North American Network Operators Group

Date Prev | Date Next | Date Index | Thread Index | Author Index | Historical

Re: Fw: [spoofing-tf] BCP38 Business Case Document

  • From: Stephen Satchell
  • Date: Sun Apr 29 09:53:06 2007


Interesting this should come up. I run a small multihomed network in Reno, NV, with a couple /21s and 65 megabits of upstream. For the last few weeks, one of my co-location customers has been attacked with SYN floods with forged source-IP addresses, overloading the SonicWall he has, and when the SonicWall folds under the traffic I get ARP storms in that LAN segment.

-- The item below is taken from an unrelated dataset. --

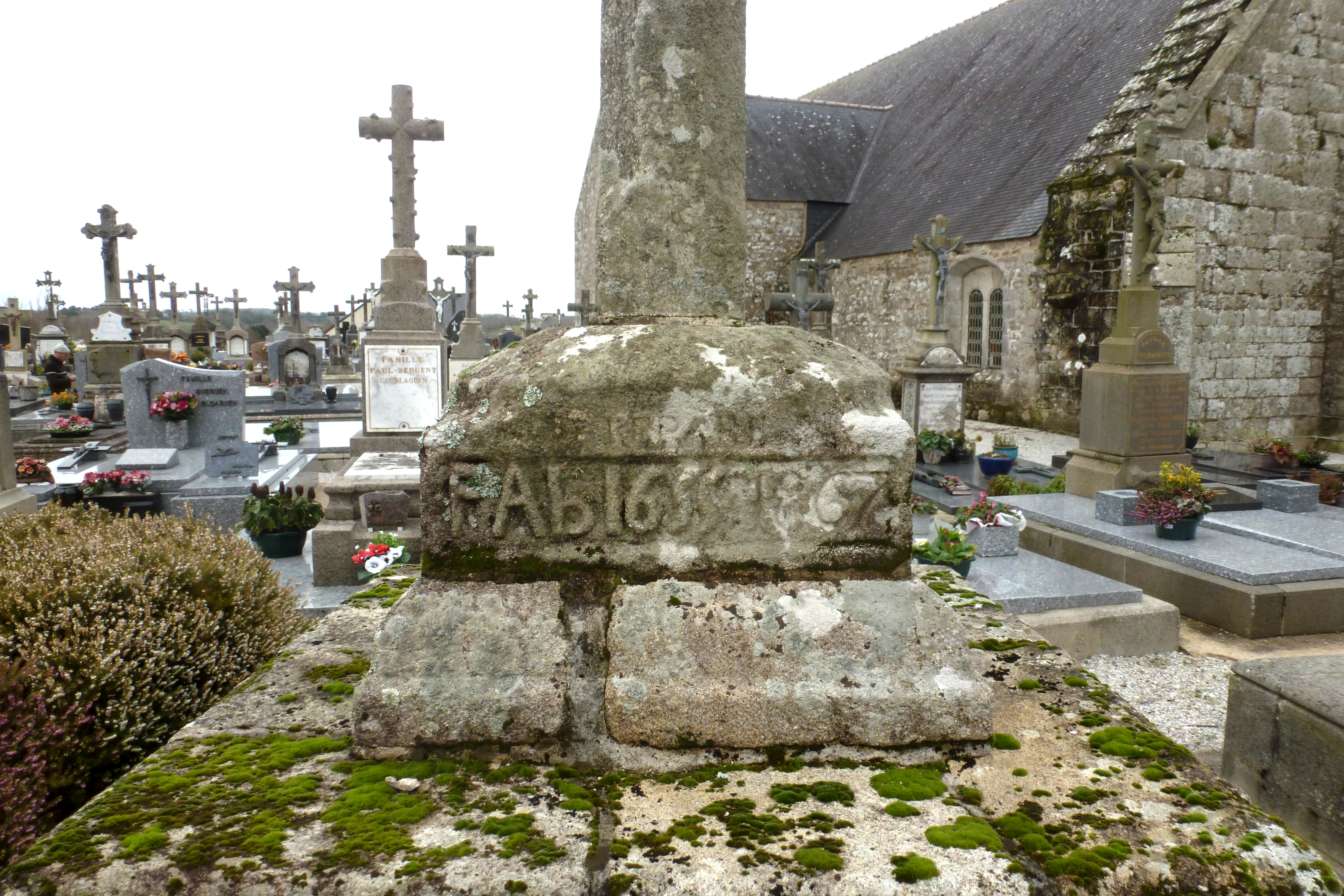 Croix du cimetière de Meilars, détail du socle côté ouest et partie de l'inscription : MOALIC FAB 1655 REPARE EN 1867.Immatriculation

Traffic capture shows that the perps are using bogus source packet addresses to hide their activities. This is confirmed by my ingress BOGON filters, whose counters start spinning at an aggregate rate of 6,000 packets per second. The bandwidth impact is fairly low -- this is a SYN flood attack, after all.

When I contacted my upstream, he tells me that the packets were coming in from *every one* of his Tier 1 peers, so the packets were impossible to trace back to their source. That says the injection point was quite a few hops away from his routers, if the traffic was able to spread that widely across multiple Tier 1 networks.

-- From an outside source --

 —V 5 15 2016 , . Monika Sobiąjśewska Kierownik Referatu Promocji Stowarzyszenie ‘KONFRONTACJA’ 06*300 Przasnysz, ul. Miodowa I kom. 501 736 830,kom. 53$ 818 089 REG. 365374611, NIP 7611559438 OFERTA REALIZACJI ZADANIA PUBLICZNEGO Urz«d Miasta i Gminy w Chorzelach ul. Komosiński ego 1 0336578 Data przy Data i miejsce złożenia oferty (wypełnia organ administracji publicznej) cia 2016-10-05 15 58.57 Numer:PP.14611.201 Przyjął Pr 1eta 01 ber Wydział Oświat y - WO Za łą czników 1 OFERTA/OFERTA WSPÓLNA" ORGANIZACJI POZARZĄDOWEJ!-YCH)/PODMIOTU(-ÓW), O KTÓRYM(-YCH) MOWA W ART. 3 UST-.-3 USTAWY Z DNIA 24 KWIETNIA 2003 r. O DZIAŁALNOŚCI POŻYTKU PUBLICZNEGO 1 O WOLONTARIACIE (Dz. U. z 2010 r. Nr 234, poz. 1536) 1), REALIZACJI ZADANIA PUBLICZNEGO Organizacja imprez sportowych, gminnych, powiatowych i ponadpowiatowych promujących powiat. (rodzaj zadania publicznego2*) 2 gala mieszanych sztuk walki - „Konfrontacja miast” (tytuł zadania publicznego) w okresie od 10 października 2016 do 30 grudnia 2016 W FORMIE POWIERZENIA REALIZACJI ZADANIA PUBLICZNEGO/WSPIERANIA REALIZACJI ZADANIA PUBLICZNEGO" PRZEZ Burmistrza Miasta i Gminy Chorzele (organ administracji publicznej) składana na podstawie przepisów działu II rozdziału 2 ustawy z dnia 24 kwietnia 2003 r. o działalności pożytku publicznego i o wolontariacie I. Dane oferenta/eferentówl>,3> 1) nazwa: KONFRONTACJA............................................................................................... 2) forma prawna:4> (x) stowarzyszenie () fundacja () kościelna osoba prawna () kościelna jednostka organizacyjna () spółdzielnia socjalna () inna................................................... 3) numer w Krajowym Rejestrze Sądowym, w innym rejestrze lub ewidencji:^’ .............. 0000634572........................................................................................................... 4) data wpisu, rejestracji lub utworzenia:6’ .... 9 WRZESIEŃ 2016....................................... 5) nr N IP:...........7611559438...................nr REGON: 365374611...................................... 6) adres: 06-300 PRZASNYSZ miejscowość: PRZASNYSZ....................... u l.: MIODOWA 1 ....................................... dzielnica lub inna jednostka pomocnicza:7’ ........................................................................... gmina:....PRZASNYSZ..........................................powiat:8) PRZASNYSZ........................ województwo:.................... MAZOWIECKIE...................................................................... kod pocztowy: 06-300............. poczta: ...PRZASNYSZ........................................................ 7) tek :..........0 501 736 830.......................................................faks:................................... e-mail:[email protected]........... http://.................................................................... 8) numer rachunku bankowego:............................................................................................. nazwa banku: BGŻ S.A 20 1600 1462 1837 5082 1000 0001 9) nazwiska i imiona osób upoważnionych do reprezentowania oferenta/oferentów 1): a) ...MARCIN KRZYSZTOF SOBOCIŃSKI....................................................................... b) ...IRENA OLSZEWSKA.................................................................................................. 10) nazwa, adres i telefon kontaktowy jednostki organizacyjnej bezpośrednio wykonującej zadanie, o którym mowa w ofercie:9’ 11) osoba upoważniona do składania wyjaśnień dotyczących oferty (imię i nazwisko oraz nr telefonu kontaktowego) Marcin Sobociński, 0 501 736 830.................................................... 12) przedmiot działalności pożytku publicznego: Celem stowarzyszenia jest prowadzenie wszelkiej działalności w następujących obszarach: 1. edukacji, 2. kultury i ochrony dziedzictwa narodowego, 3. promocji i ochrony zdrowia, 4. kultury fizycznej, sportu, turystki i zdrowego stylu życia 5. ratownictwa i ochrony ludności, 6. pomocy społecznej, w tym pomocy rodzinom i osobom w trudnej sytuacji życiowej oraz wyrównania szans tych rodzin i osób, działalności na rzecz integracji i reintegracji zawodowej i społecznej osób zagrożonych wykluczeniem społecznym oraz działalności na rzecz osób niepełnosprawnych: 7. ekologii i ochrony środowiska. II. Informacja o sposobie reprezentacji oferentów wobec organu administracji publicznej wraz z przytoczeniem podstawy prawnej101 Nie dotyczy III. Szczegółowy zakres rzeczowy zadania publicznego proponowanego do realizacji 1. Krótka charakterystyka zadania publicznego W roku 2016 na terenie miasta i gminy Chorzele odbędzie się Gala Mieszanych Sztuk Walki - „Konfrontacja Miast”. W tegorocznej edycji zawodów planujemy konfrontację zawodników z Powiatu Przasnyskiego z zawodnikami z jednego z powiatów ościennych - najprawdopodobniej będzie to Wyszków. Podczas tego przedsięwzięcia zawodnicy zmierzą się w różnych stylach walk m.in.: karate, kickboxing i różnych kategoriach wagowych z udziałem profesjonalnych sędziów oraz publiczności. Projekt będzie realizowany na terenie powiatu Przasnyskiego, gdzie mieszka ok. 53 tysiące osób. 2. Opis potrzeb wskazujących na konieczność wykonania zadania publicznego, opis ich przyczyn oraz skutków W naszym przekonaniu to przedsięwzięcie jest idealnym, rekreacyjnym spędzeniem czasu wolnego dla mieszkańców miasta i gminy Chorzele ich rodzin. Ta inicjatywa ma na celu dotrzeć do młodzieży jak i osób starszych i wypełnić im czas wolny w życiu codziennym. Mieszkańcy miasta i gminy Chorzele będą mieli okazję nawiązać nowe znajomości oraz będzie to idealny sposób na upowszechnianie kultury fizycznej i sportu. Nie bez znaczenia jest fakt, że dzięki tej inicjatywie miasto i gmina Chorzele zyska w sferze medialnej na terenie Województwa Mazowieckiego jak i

I had to use other means to stop these DDoS attacks.

My own network policy:

* I deny packets from my customers to the Internet whose source address is *not* within my assigned netblocks. Any such attempt is logged and followed up. I also specifically check for network and broadcast addresses, and deny packets with those addresses, too.

* I deny packets from the Internet to my customers whose source address *is* in my netblocks, to prevent secondary attacks. (This filtering also exposes routing mistakes *very* quickly.)

* I deny packets from the Internet to my customers whose source address appears in a BOGON list, manually maintained. My BOGON list includes RFC 1918 netblocks (but see below).

* I null-route packets from my customers to the Internet directed to RFC 1918 private-network netblocks. This is a "belt and suspenders" type action, so there is zero leakage either inbound or outbound.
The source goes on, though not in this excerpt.